Ethiopian healers are more commonly known as traditional medical practitioners. Before the onset of Christian missionaries and Medical Revolution sciences, traditional medicine was the only form of treatment available. Traditional healers extract healing ingredients from wild plants, animals and rare minerals. AIDS, malaria, tuberculosis and dysentery are the leading causes of disease-related death. Largely because of the costs, traditional medicine continues to be the most common form of medicine practiced. Many Ethiopians are unemployed which makes it difficult to pay for most medicinal treatments. Ethiopian medicine is heavily reliant on magical and supernatural beliefs that have little or no relation to the actual disease itself. Many physical ailments are believed to be caused by the spiritual realm which is the reason healers are most likely to integrate spiritual and magical healing techniques. Traditional medicinal practice is strongly related to the rich cultural beliefs of Ethiopia, which explains the emphasis of its use.

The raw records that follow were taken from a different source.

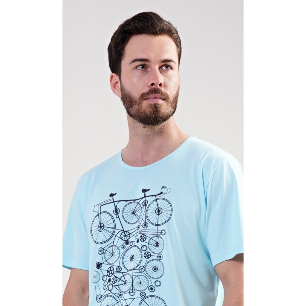 Pánské bavlněné pyžamo šortky Kolo. Pánské pyžamo se skládá z trička s krátkým rukávem a krátkých šortkových kalhot. Na tričku je obrázek kola v několika opakováních. Tričko doplňují kárované šortky, které mají v pase gumu a šňůrku na stažení. Nemají kapsy. Použitý materiál s obsahem bavlny 100% je příjemný a poddajný na dotek.
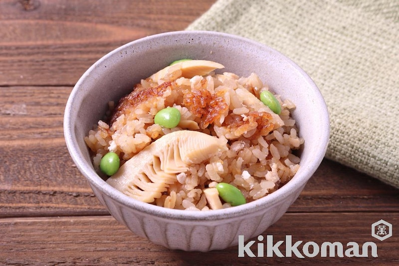 たけのこと鶏ひき肉の炊き込みご飯 山本ゆりさん・旨み広がるだししょうゆ使用。
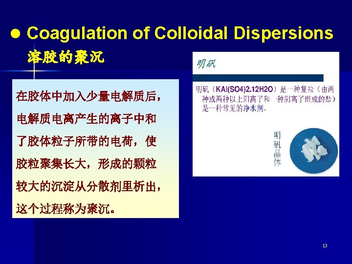 Several methods of bringing about the coagulation The most effective way of coagulating colloidal dispersions of the sol is by adding an electrolyte. n The mixing of two colloidal dispersions whose particles are oppositely charged causes both to coagulate. n n In many cases, heating is also a method of bringing about the coagulation of colloidal dispersions. 14
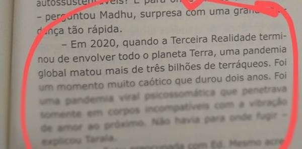 realmente fala sobre uma pandemia viral em 2020", postou a escritora Melissa Tobias em seu Facebook nesta segunda-feira, dia 30 de março. A página 183 de um de seus quatro livros viralizou em grupos de WhatsApp nos últimos dias por uma passagem em que descreve uma pandemia que obriga os seres humanos a praticar o... Continuar Lendo →

In Ethiopian culture there are two main theories of the cause of disease. The first is attributed to God or other supernatural forces, while the other is attributed to external factors such as unclean drinking water and unsanitary food. Most genetic diseases or deaths are viewed as the will of God. Miscarriages are thought to be the result of demonic spirits.
One medical practice that is commonly practiced irrespective of religion or economic status is female genital mutilation. Nearly four out of five Ethiopian women are circumcised. There are three levels of circumcision that involve different degrees of cutting the clitoris and vaginal area. Many of these practices are done with an unsanitary blade with little or no anesthetics. It can result in heavy bleeding, high pain, and sometimes death.
It was not until Christian missionaries traveled to Ethiopia bringing new religious beliefs and education that modern medicine was infused into Ethiopian medicine. Today there are three medical schools in Ethiopia that began training students in 1965 two of which are linked to Addis Ababa University. There is only one psychiatric treatment facility in the whole country because Ethiopian culture is resistant to psychiatric treatment. Although there have been huge leaps and bounds in medical technology there is still a large problem in the distribution of medicine and doctors in Ethiopia.